Me encontraba con un tropiezo tras otro. Ya no le veía sentido a nada. ¿Hasta qué punto me habían tenido al margen?
Al verme, Kyle Craig se me acercó y me cogió firmemente del brazo. Tuve la sensación de que, si lo consideraba necesario, recurriría a la violencia para contenerme.
—Sé lo furioso que está. Y también yo lo estoy. No ha sido cosa nuestra, Alex. En esta ocasión, la policía local nos ha ganado por la mano. Ha sido una decisión personal del jefe de la policía. La presión política ha sido tan fuerte que ha llegado hasta el mismo Senado estatal. Esto huele tan mal que echa para atrás.
—¿Qué han encontrado en la casa? ¿De qué prueba material se trata? ¿No serán los libros?
—Ropa interior femenina —contestó Kyle—. Tenía un escondrijo lleno. Han encontrado una camiseta de la universidad que pertenece a Kate McTiernan. Y, por lo visto, también Casanova guarda esta clase de «souvenirs». Igual que el Caballero de Los Ángeles.
—Él no haría eso. No es como Casanova —repliqué—. Tiene a las chicas y su ropa en una casa secreta. Es de una meticulosidad obsesiva. No, Kyle, esto es una barbaridad. Así no se va a solucionar el caso. Es un grave error.
—No esté tan seguro. Aunque sus argumentos sean lógicos, no va a conseguir evitar la detención.
—O sea, ¿que la lógica y el sentido común no importan?
—Me temo que ahora no.
Nos encaminamos hacia el porche trasero de la casa de Sachs.
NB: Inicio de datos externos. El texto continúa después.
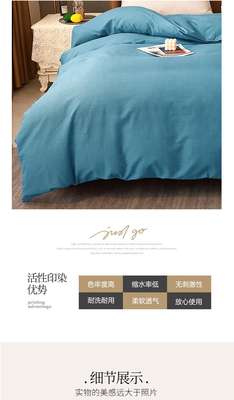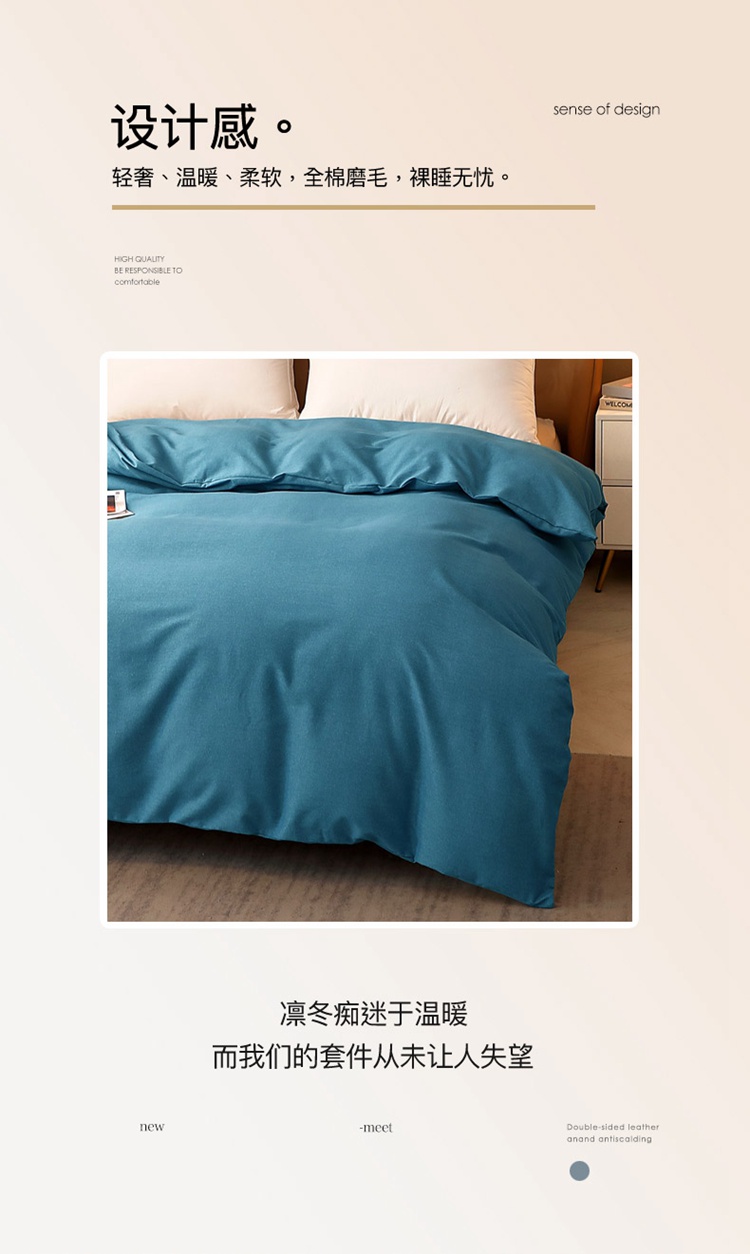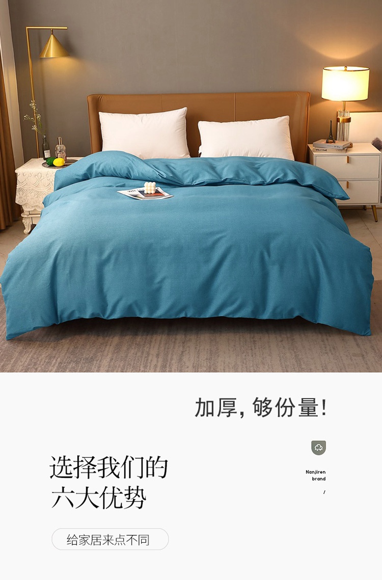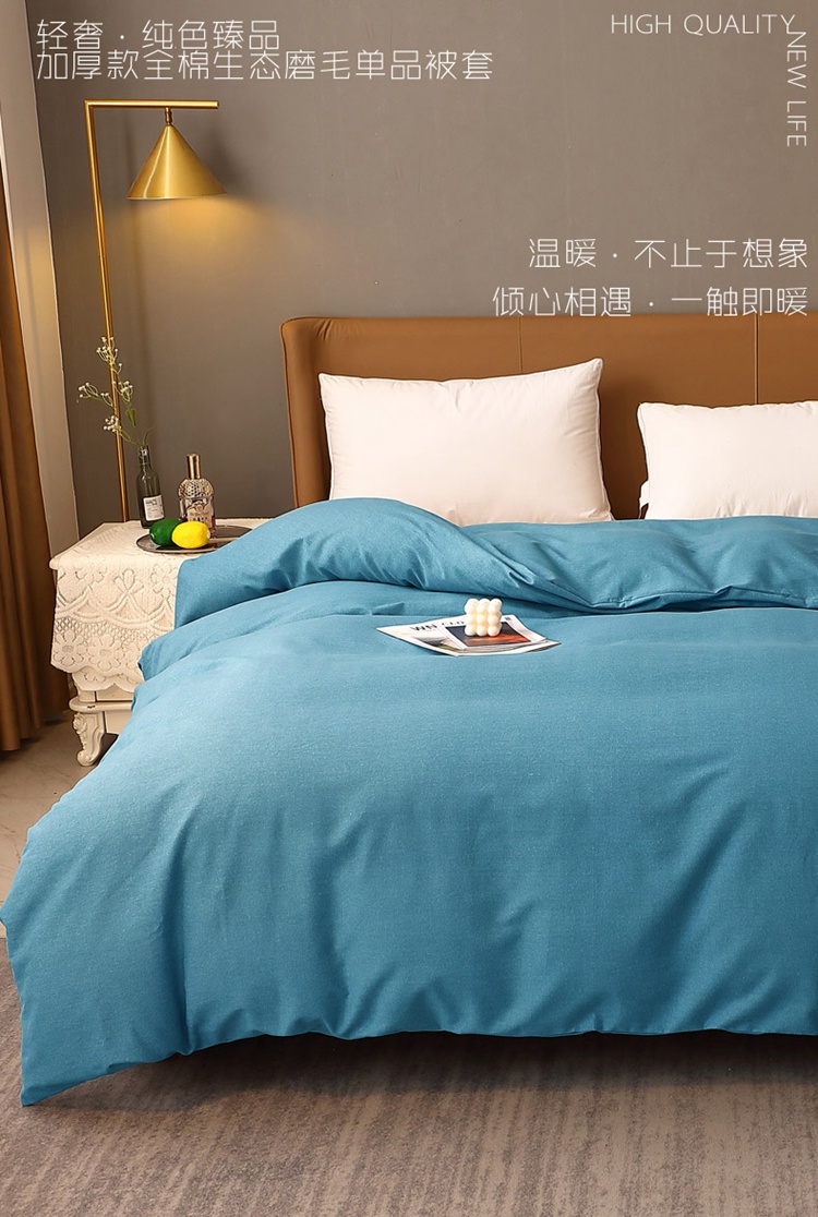 晶缦家纺 2022新款加厚全棉纯色生态磨毛多规格单被套 纯依-湖蓝

Las cámaras de televisión filmaban todo lo que se movía. Allí estaba el gran circo de los medios informativos. Un verdadero desastre para la investigación.
—Han registrado la casa a última hora de esta tarde —me explicó Kyle mientras caminábamos—. Han traído perros de Georgia, especialmente entrenados.
—¿Y por qué habrían de hacer algo así? ¿A qué venía registrar de pronto la casa de Sachs?
—Han recibido una información, y tenían buenas razones para creer que era cierta. Esto es lo que he conseguido que me digan. A mí también me han dejado fuera de juego, Alex. Y estoy tan soliviantado como usted.
Estaba tan extenuado y furioso que se me nublaba la vista. Sentí el impulso de gritar, de emprenderla a patadas con todo.
—¿Le han dicho algo acerca del anónimo comunicante? ¡Por Dios, Kyle! ¡Un comunicante anónimo! ¡Por Dios bendito!
Wick Sachs se hallaba en aquellos momentos prisionero en su hermosa mansión. La policía de Durham quería que el acontecimiento se televisase a todo el país. A eso se reducía todo para ellos: un sonado triunfo de los servidores de la ley de Carolina del Norte.
Se habían equivocado de hombre. Y lo iban a exhibir ante el mundo.